Hey guys/gals,i have a bunch(apox 2 doz) of carbon arrows that are to short for me to shoot..all about 26inch..they would be great for kids or lady hunters..most havnt been shot,some need refletched but the shafts are in great shape..price is based on a promise..if you are willing to promise that the arrows will be used to either get a young hunter shooting,or hunting,and you promise to help em shoot and take the young hunter hunting..they are free..just need to pick em up..all arrows are good up to 60#..different makers..but all just about the same size..26 to 26 1/2 inch..if you want em..let me know..thanks and good luck in the woods..few more days,and its dinner served for the kids...:evilsmile


----------



## harpo1 (Dec 6, 2007)

I have 2 nephews that are just getting started and in need of some arrows if your offer still stands.

PS: I live just south of Midland and will PM you if you still have the arrows.


----------



## IamNotGoodAtHuntingYet (Sep 25, 2011)

I am in my second year hunting.
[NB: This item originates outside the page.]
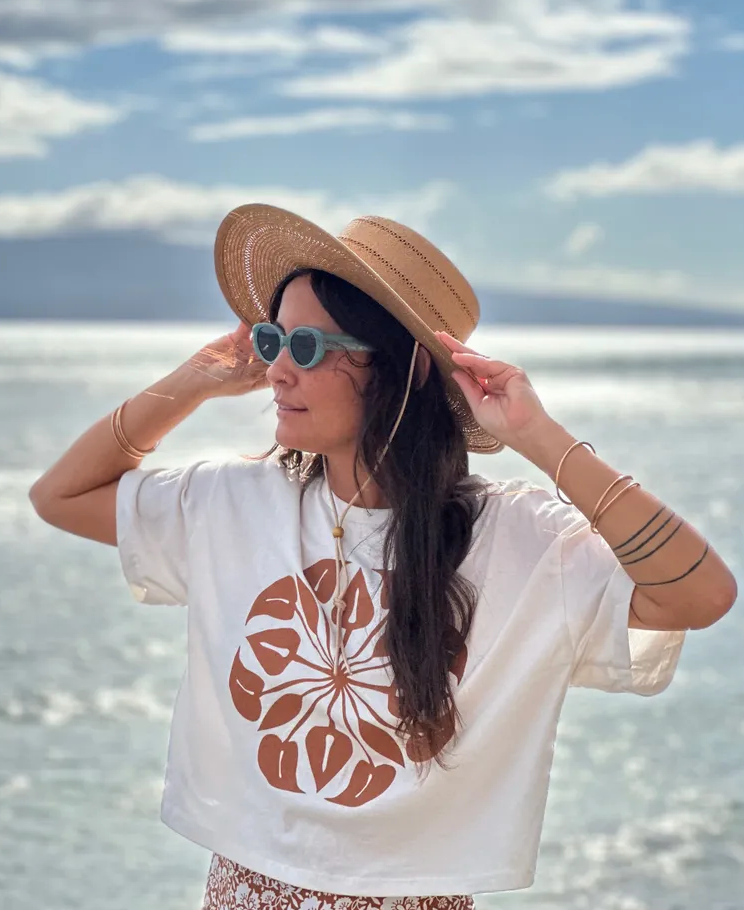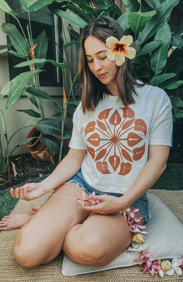 Although not native to Hawai’i, this stunning flower was introduced in 1889 from the rainforests in the Americas. Since then, it has become a staple in Hawaiian floral designs. This beautiful flower is known universally as a symbol of hospitality. Designed and screen printed in Lahaina Maui on 100% cotton tee made in the US in an eco friendly and ethical way.

I have a crossbow I used last year, but just bought a Bear Odyssey II youth Compound Bow because it seemed like it would be more of a challenge.

I got measured yesterday and the guy says I need 26' arrows (I am only 5'6") So if you still have any of those they would be useful since I am really broke right now and can't afford to buy arrows at the moment.

I live In Grand Blanc, but work in Clarkston.


----------